Agence France-Presse
August 8, 2008

LONDON -- Thousands of people in Asia and Europe took part in human
rights protests Friday as China launched the Beijing Olympics with a
dazzling, three-hour opening ceremony.

Demonstrators took to the streets of cities including London,
Brussels, Berlin, Kathmandu, Bangkok and Hong Kong on issues ranging
from the crackdown in Tibet to Beijing's support for the military
junta in Myanmar.

China has painted the Games as a celebration of three decades of
economic reforms and hopes it will showcase a rapidly modernizing country.

But activists across the world are using them to pressure Beijing
over its rule of Tibet and heavily Muslim Xinjiang province, the
arrests of dissidents, censorship and concerns about Chinese foreign policy.

At least 1,000 Tibetans including scores of monks and nuns were
arrested during a protest against Beijing's rule of the Himalayan region.

Demonstrators shouted "Shame shame, Hu Jintao," referring to the
Chinese president, and "Tibet belongs to Tibetans" before being taken
away by police.

"We want to give the millions of people who will watch the opening as
well as the hundreds of athletes taking part the message that there
are no human rights in Tibet," Tibetan student Tashi Tsering, 20,
told AFP in Kathmandu.

In Ankara a protestor tried to set himself alight outside China's
embassy as some 300 Chinese Muslim refugees rallied to denounce human
rights violations in their home region of Xinjiang.

The man in his 30s burned his face and hands before police intervened
and extinguished the flames.

Earlier in the day, Reporters Without Borders hacked into Chinese
airwaves to broadcast a 20-minute program in Chinese, English and
French at 8:08 am (0008 GMT) -- exactly 12 hours before the opening
ceremony in Beijing.

The French-based media rights group said it was the first of its kind
in China since the communists seized power in 1949.

In London, around 300 protestors gathered opposite the Chinese
embassy, many of them Tibetan exiles wearing red headbands bearing
one word: "Killed".

And in Brussels, around 200 Tibetan protesters, some chained together
or wearing 'bloody' bandages, protested near the headquarters of
European Union institutions.

"The blood continues to flow in Tibet," said organizer Nyima
Chushisu, as she put bandages on a fellow demonstrator.

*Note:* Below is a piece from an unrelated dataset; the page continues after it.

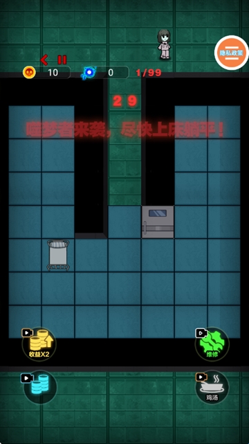 3、解锁更多的电机、炮台道具,天黑之后布局防线,抵御一波波猛鬼攻击,守住宿舍就算胜利。

Dozens of Reporters Without Borders campaigners gathered outside the
Chinese embassy in Berlin brandishing placards saying China was a
"prison" for journalists.

More than 60 protesters rallied outside Myanmar's embassy in the Thai
capital Bangkok to demand that China end its support for the ruling
junta in Yangon.

US President George W. Bush, in Beijing for the opening ceremony,
hailed the growing relationship between the United States and China,
even as he urged Beijing to accept greater freedom of expression and religion.

"I strongly believe societies that allow the free expression of ideas
tend to be the most prosperous and the most peaceful," Bush told
reporters at the official opening of the new US embassy in the Chinese capital.

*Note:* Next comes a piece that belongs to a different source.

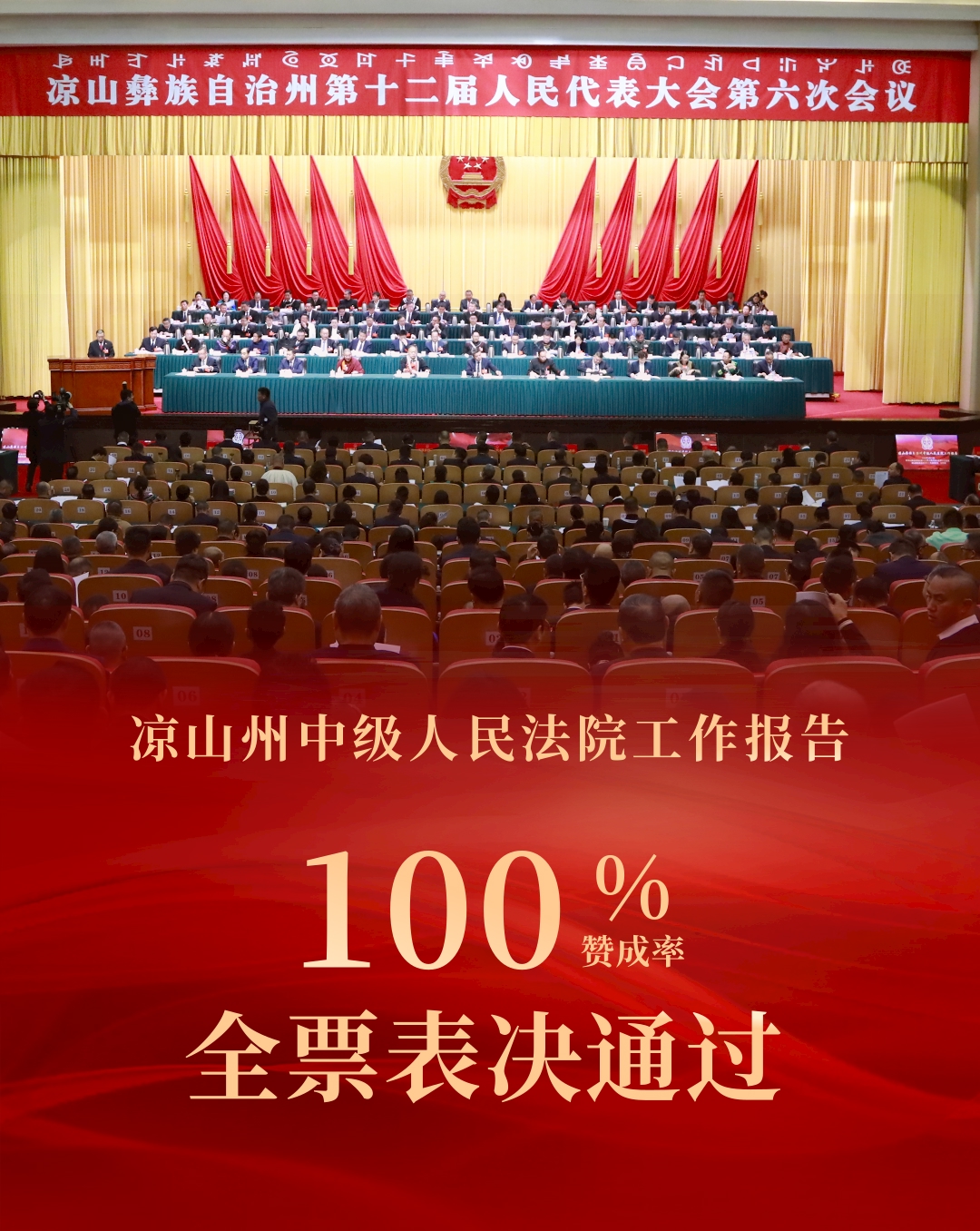 2月13日下午,凉山彝族自治州第十二届人民代表大会第六次会议圆满完成各项议程胜利闭幕。大会表决批准州中级人民法院、州人民检察院工作报告,法检两院报告均获全票通过。

"I will continue to be candid about our mutual global responsibilities."

French President Nicolas Sarkozy for his part told French television
he discussed human rights with Chinese leaders in Beijing and handed
them lists of jailed dissidents.

But in Paris RSF said police were keeping protestors away from the
Chinese embassy even though the group won a court order overturning a
police ban on demonstrations outside the building.

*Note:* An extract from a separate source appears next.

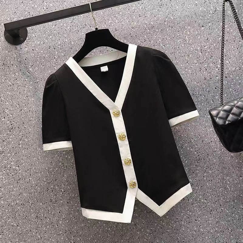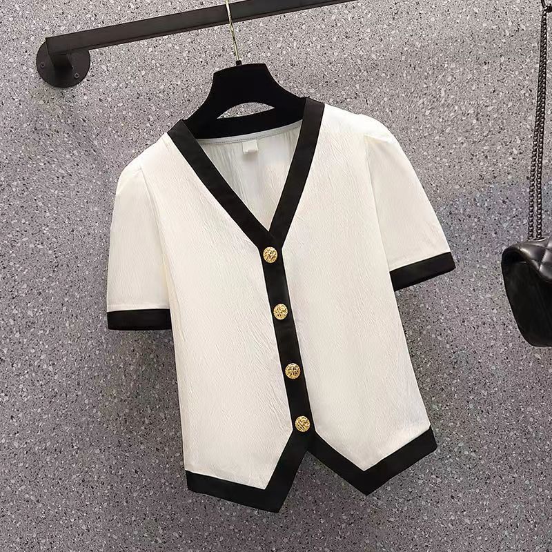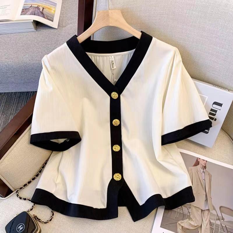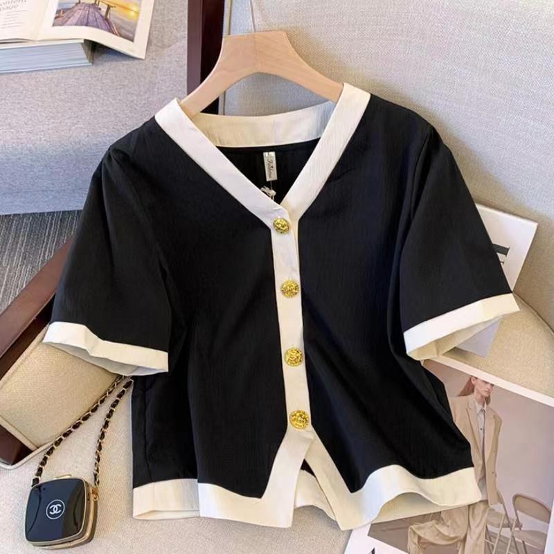 플러스 사이즈 쉬폰 셔츠 흑백 스플리싱 반팔 셔츠 여름 신작 뚱뚱하고 얇은 루즈 캐주얼 향기로운 셔츠

In Hong Kong, a British man was arrested after climbing on to the
city's largest bridge and unfurling two protest banners that read:
"The People of China want freedom from oppression" and "We want human
rights and democracy."

Matt Pearce climbed up the Tsing Yi Bridge wearing a horse costume --
a nod to the Olympic equestrian events being held in Hong Kong -- and
carrying a guitar, an Agence France-Presse photographer saw.